March 30, 2007. Source: International Herald Tribune, Americas by The Associated Press

A village near Peru's famed Machu Picchu ruins has built a bridge over the turbulent Vilcanota River, opening a cheap backdoor route for adventurous, cash-strapped backpackers.

The bridge was inaugurated Saturday in the village of Santa Teresa despite the objections of government cultural experts, who fear increased tourism could threaten the UNESCO World Heritage site as hostels and restaurants spring up to serve travelers.

They also say increased tourism could imperil rare flora and fauna in the highland jungle surrounding the Inca ruins that are dramatically perched on a ridge 500 kilometers (300 miles) southeast of Lima.

But authorities in Santa Teresa, less than 20 kilometers (10 miles) from the base of the mountain on which Machu Picchu was built, are hoping the bridge will help the local economy get a piece of the tourism pie. Travelers would have to spend the night in the village before continuing on to Machu Picchu.

The site, a complex of stone buildings built by the Inca empire that controlled the area when the Spanish conquistadors arrived in Peru in 1532, has been reachable until now only by train from Cuzco.

The new route targets thrifty backpackers who want to avoid the pricey train tickets, which start at US$73 (€55) and run as high as US$547 (€410) for luxury service.

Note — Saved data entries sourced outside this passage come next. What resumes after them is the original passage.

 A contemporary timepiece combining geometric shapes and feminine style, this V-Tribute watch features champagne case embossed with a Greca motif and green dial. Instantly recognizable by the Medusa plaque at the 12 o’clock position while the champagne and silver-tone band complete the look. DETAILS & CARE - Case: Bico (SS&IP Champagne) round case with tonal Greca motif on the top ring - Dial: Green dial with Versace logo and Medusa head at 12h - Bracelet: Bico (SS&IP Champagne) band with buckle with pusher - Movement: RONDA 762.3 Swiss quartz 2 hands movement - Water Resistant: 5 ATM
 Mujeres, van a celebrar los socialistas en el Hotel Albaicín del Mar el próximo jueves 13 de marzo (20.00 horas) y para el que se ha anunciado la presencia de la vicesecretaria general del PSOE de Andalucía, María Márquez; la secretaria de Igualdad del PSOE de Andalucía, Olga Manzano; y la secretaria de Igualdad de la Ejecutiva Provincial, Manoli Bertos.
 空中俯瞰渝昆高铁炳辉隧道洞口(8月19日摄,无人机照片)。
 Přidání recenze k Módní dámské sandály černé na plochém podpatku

The trains are operated by a British-Peruvian company that has a concession from the state.

The new route involves an eight-hour bus ride through avalanche country, along narrow, twisting dirt roads bordering deep precipices. From Santa Teresa, travelers cross the bridge to catch rides on trucks to a hydroelectric plant, then hike 11 kilometers (seven miles) along railroad tracks to reach Aguas Calientes, down the mountain from Machu Picchu.

The total cost: Less than US$10 (€7.50), though prices are informal and vary.

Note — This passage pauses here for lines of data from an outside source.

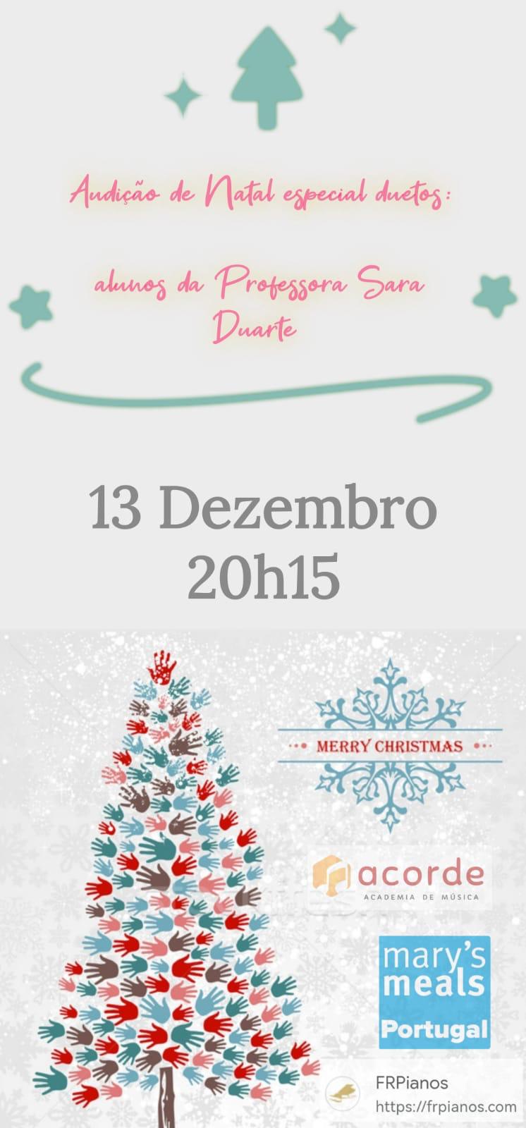 O dia 13 de dezembro foi muito especial graças a generosa e talentosa professora de Piano Sara Duarte que organizou com todo o carinho e amizade a Audição de Natal de duetos, foi sem dúvida um final de tarde muito bem passado com muita melodia!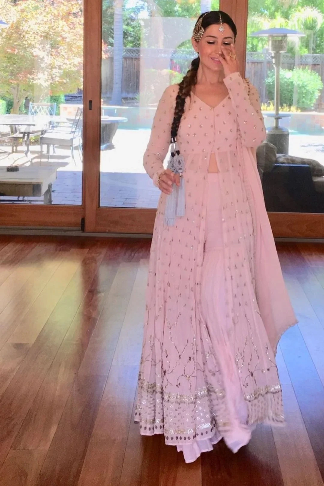 Pink Front Open Anarkali Set With Pants And Dupatta.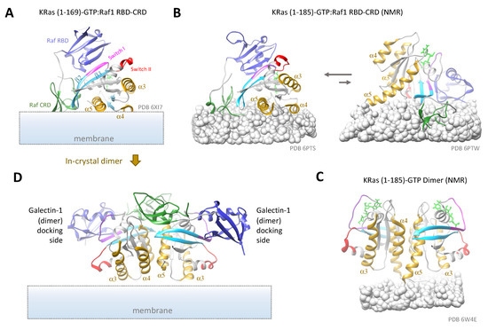 Ras conformations in complexes with binding partners. (A) Crystal structure of GTP-bound KRas G-domain in complex with Raf1 RBD-CRD, showing its orientations in approximation with membrane modeled in, as in ref [197]. (B) NMR structures of full length KRas-GTP in complex with Raf1 RBD-CRD, showing two different conformations of the complex relative to the nanodisc membrane (rendered as gray balls), with the left conformation being dominant at low complex concentrations. (C) NMR structure of full length KRas-GTP dimer on nanodiscs. (D) Potential dimer configuration present in the crystal structure of (A) (PDB 6XI7), as proposed by Cookis et al. [200]. The two Raf1 RBDs (blue) could serve as docking sites for Galectin-1 dimers, leading to formation of Ras nanoclusters [115]. The different proteins domains and motifs are labeled the same way as in (A). The HVRs in (B,C) are either partially buried in or visually blocked by the membrane.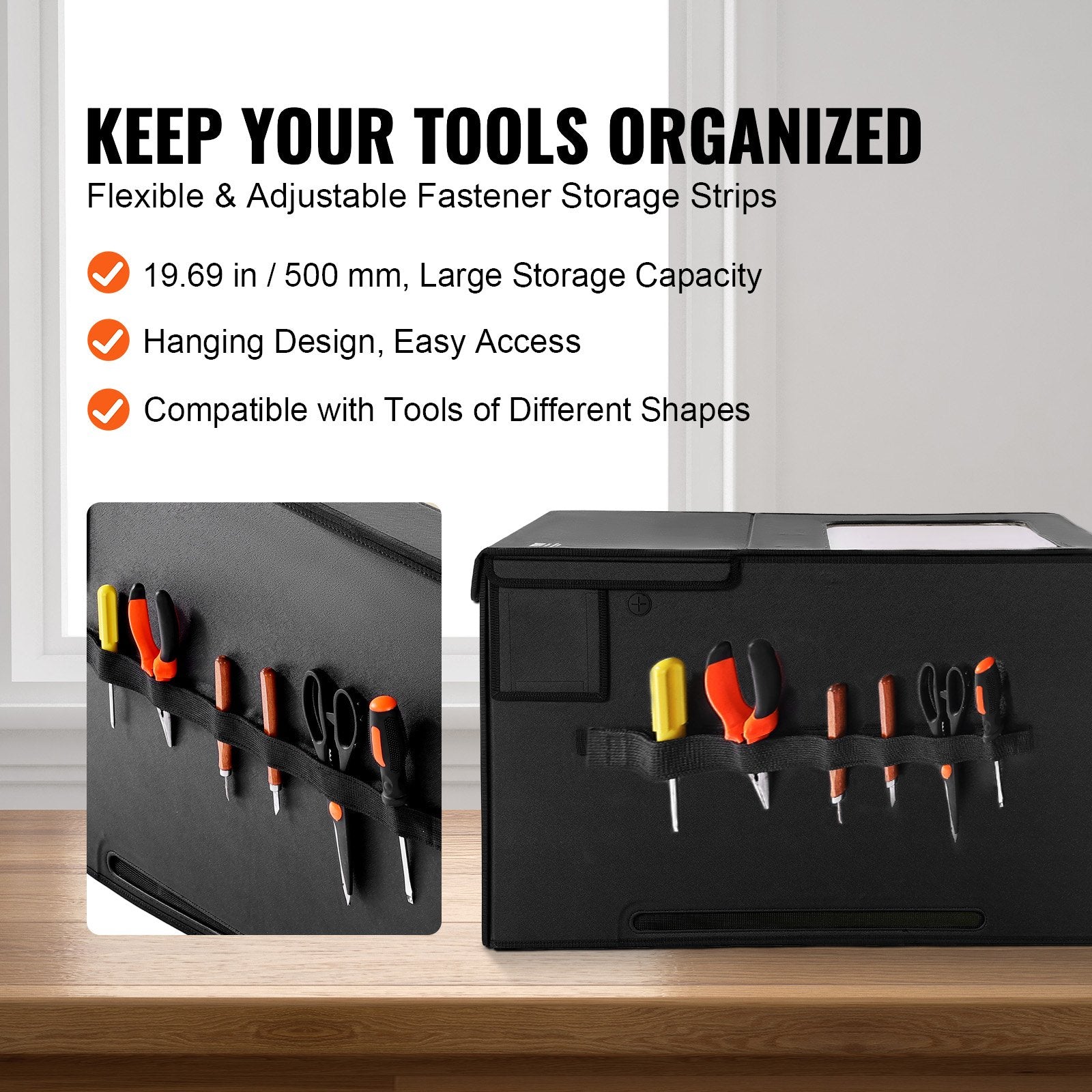 Tool Storage: Includes adhesive fastener straps for storing tools and accessories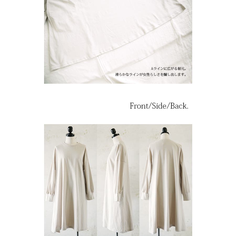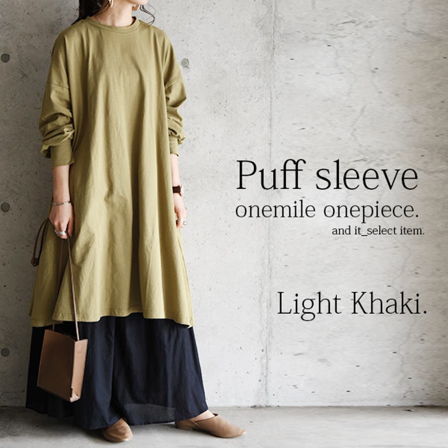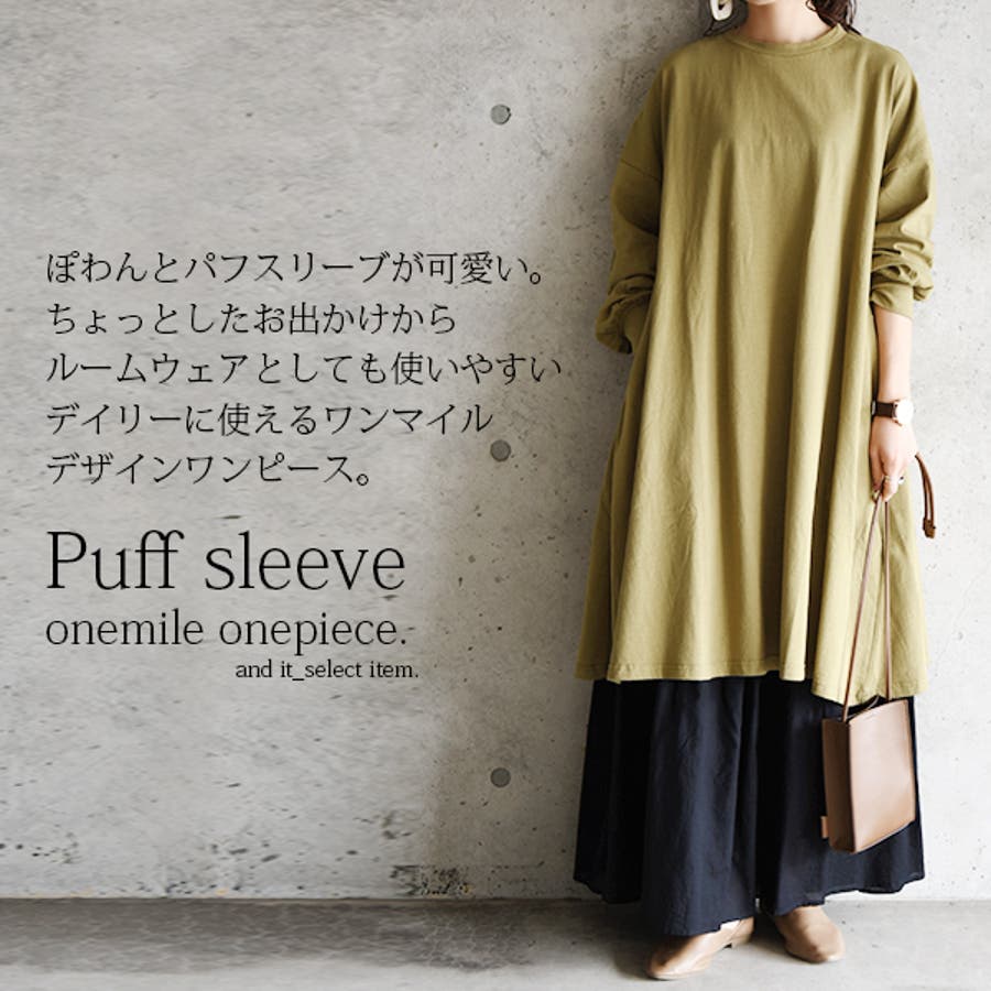 袖口は手首に優しくフィットするリブ仕様なので、ふわっとしたパフスリーブが愉しめます。綿100%の柔らか素材が、リラックスして着れるワンマイルワンピースです◎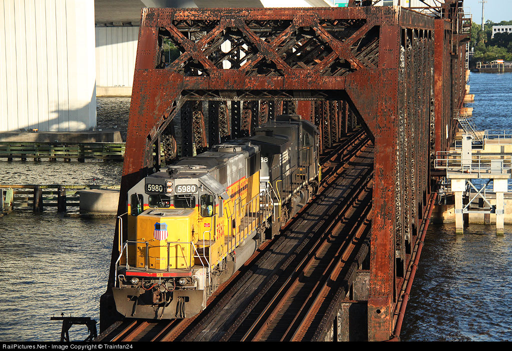 HLCX 5980 and NS 8688 crossing Jacksonville Drawbridge.

New Bridge at Ancient Incan Citadel and World Heritage Site was Inaugurated.

March 24, 2007. Sources: El Diario del Cuzco, Diario El Sol del Cuzco

Carilluchayoc Bridge, Vilcanota River, Santa Teresa and Machu PicchuThe Carilluchayoc Bridge, has been inaugurated.

The 80-metre long Carrilluchayoc bridge spans the Vilcanota River at the base of Machu Picchu and will connect the village of Santa Teresa with the road up the peak, lessening the time it will take tourists to reach the World Heritage site.

Locals have welcomed the bridge for opening their remote province to commerce and tourism. Instead of a treacherous 15-hour drive over mountain passes farmers can truck coffee and fruit to Cuzco in just three hours.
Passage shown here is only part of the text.